# thinking about getting another mouse



## robert (Oct 5, 2012)

hey all, im thinking about getting another mouse but its been about a year since ive last kept mice, ive got the cage and everything to keep the mouse but im alittle stuck in where to get a mouse from as all the pet shops round me dont sell mice anymore or they dont have the breeders.

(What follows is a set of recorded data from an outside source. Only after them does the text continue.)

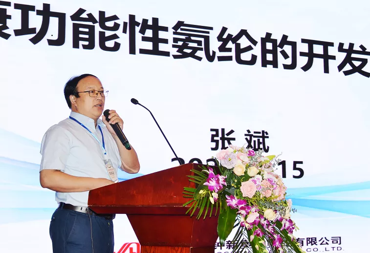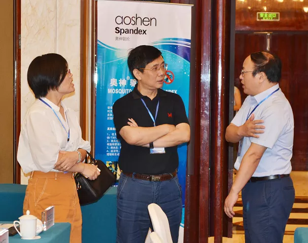奥神氨纶总经理张斌介绍了公司新投放市场的抗菌防臭、芳香驱蚊、低熔点热粘合氨纶等新产品。
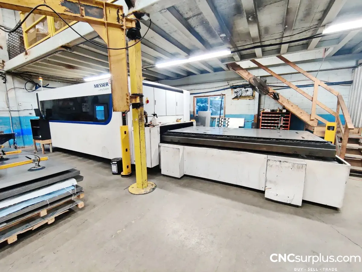 2019 Messer Fiberblade V 3015 CNC Fiber Laser Cutter, 8 kW IPG Laser, Dual-Pallet Shuttle Table, Double-Side Suction Fume Extraction, Chiller Unit, Automatic Nozzle Cleaning, Automatic Height Calibration, Light Curtain Safety System, Lens Condition Monitoring
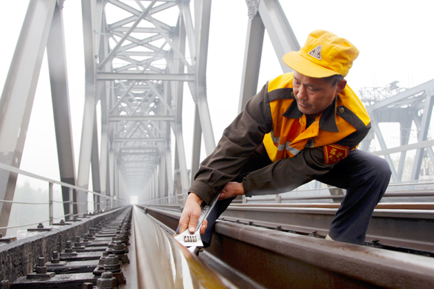直至今日,无论寒冬大雪还是三伏烈日下,他的巡守工作仍在不间断地继续着。每当看到松动的螺栓,他就会用手中450mm的大扳手,将螺栓一紧再紧,直至螺栓完全稳固。而在漆黑的夜里,大桥下不远的巡守房里透出微弱的亮光,陪伴他的还是呼啸而过的列车。
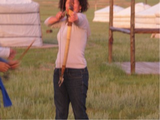 At this site is the incredible 30 m high stainless steel statue of chingis on his horse. It is an incredible engineering feat, and I am glad I am here to see it, as I don’t think the mongolians actually know how to manage looking after such a structure. The lift was broken down but we quickly climbed the stairs to take in the fantastic view over the steppes and mountains with cow and sheep herds, horses and ger camps. We had fun dressing up in some costumes of the day and bought some souvenirs. We backtracked a few kms and went down a rough dirt track to our camp, the elstei ger camp. Our arrival was very exciting. The driver announced our arrival by beeping the horn a few times, and about 10 staff rushed out to greet us and carry our bags into camp from the carpark about 150 m At the same time about 6 horses training for the nadaan festival rode through the camp outskirts whooping like Indians, galloping like crazy, and one young boy wielding a rope and swinging round and round.

Also for bedding in the cage is carefresh better for the mouse or is sawdust just as good as my last mouse got mites and the vet blamed the sawdust for the mite.


----------



## andypandy29us (Aug 10, 2012)

Depends where you are to where you can get the mouse from ... I use a small amount of sawdust in my cages with lots of free shredded paper .... keeps the costs down and my 10 mice seem to enjoy playing and re arranging the paper into nests ...


----------



## besty74 (May 26, 2012)

place an ad in the wanted section but remember to include your area, we can only help if you tell us where you are!
wood shavings are fine, never had any problems.


----------



## Cait (Oct 3, 2008)

besty74 said:


> wood shavings are fine, never had any problems.

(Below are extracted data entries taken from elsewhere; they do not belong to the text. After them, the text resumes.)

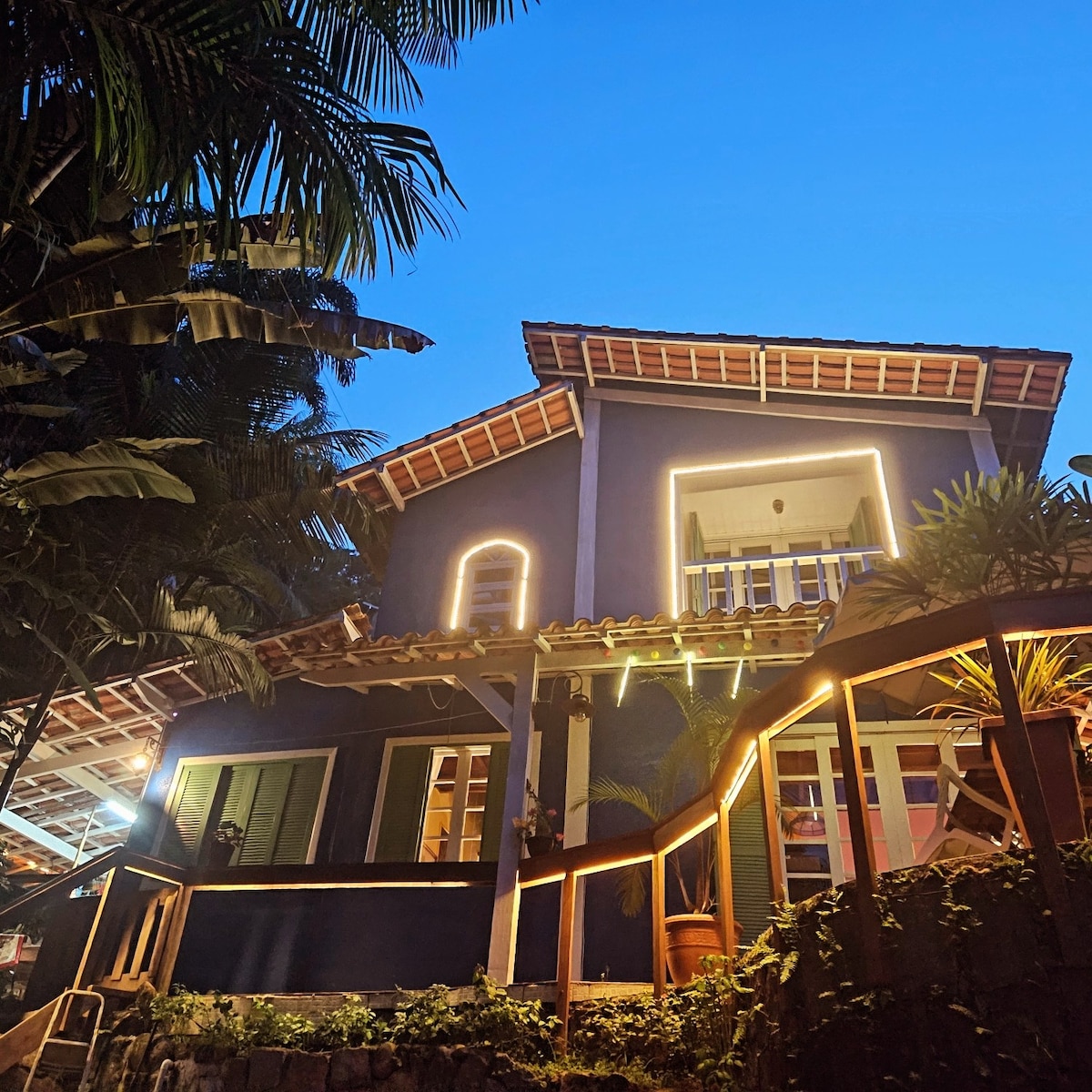 Todos os nossos chalés são privativos, com banheiro, cozinha completa, TV Smart e Wi-fi 300mb, o que permite você trabalhar caso precisar. Também temos ventilador de teto nos quartos e varanda privativa com vista para as montanhas. No geral o chalé é simples mas aconchegante, ideal para quem procura um lugar sossegado próximo a praia e rodeado por natureza, sem muito luxo e com um ótimo custo benefício.
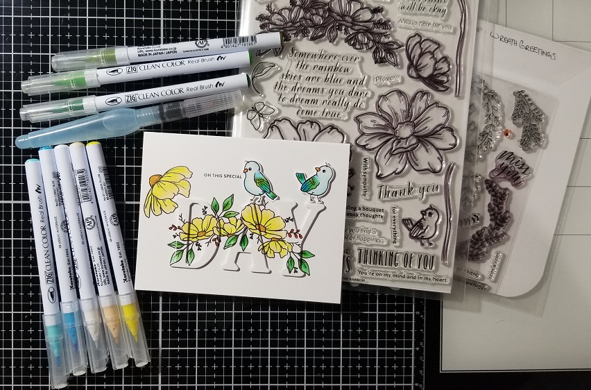 Other supplies used in making this card are Zig Clean Color Real Brush Pens which I LOVE. As I always say, I’m no artist but these pens allow me to colour anything and make it look pretty good. I will note, Bristol 300 Smooth is the best paper to use with these pens. I’ve used these on cardstock and Ranger’s Distress Watercolor Cardstock with decent results, but the Bristol gives me the best results, as it allows the water pen to move the colour around the page.
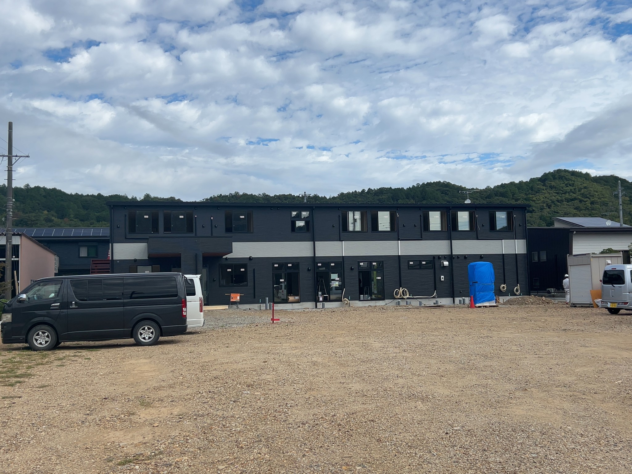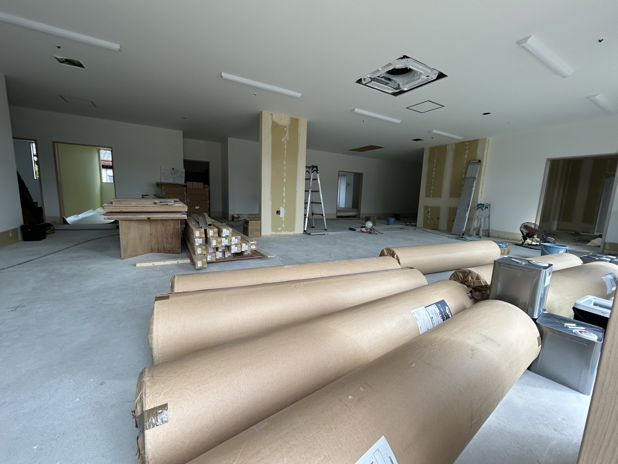 この写真は、1F 内装工事(クロス貼り・床アンダーレイ貼り)の状況です。
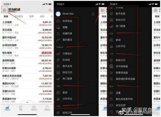 英为财情的APP和国内主流的设计不太一样,(此处需要划重点!!)所有的内容都隐藏在左侧边栏,点击左上角的头像即可打开。
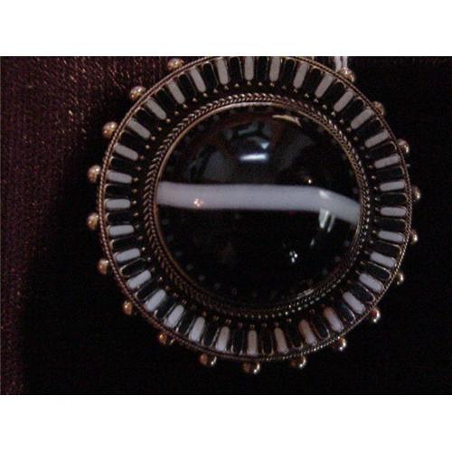 Fabulous Victorian 14 Kt yellow gold, striped agate with black and white enamel. Locket back. Brooch is in fabulous condition!
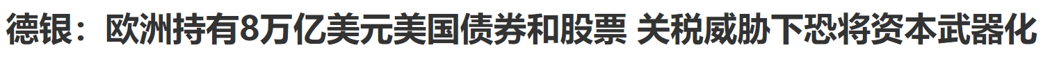 德意志银行全球外汇研究主管George Saravelos周日在给客户的报告中写道,欧洲是美国最大的“出借方”,欧洲各国合计持有8万亿美元的美国债券和股票,几乎是世界其他地区总和的两倍。“在美国净国际投资头寸处于纪录最负极值之际,欧美金融市场的相互依存度从未如此之高。”Saravelos指出。“真正会对市场造成最大冲击的,将是资本的武器化,而非贸易流本身。”

As has been said, you need wood shavings NOT sawdust (too fine and dusty) if you go for that kind of bedding. There are lots of threads in the Environment section discussing different beddings that you will find useful.


----------



## andypandy29us (Aug 10, 2012)

I did mean shavings not sawdust sorry x


----------



## rachaelnicole98 (Oct 28, 2012)

It depends on your area... I have 2 females that need to be re-homed ASAP... they use carefresh basic bedding. What area are you in?


----------



## bonsai (Oct 14, 2012)

Hello robert.
Please take more than one mouse.
If you hold a litte group,they would feel much more comfortable than one lonely mouse.
Good luck for your search.


----------



## ThatCertainGlow (Jun 23, 2012)

Wood shavings (and other bedding including carefresh) can acquire mites in a pet store, or from a mouse infested warehouse. There are threads about this as well, but the usual idea is you can freeze it in small batches for at least 48 hrs. The small batches is so the cold penetrates the bedding. Some places seem to suggest freezing then thawing, then re-freezing is more likely to kill all potential life stages. Also, you will find in those threads that cedar and non-kiln dried pine are both dangerous to the health of mice. There is an inexpensive horse related item breeders mention frequently to use as bedding that is available in the UK. I don't recall the name.
I second placing a wanted ad for at least two (same gender) mice. They are very social creatures. 

-Zanne

*I believe Robert is in the UK.*


----------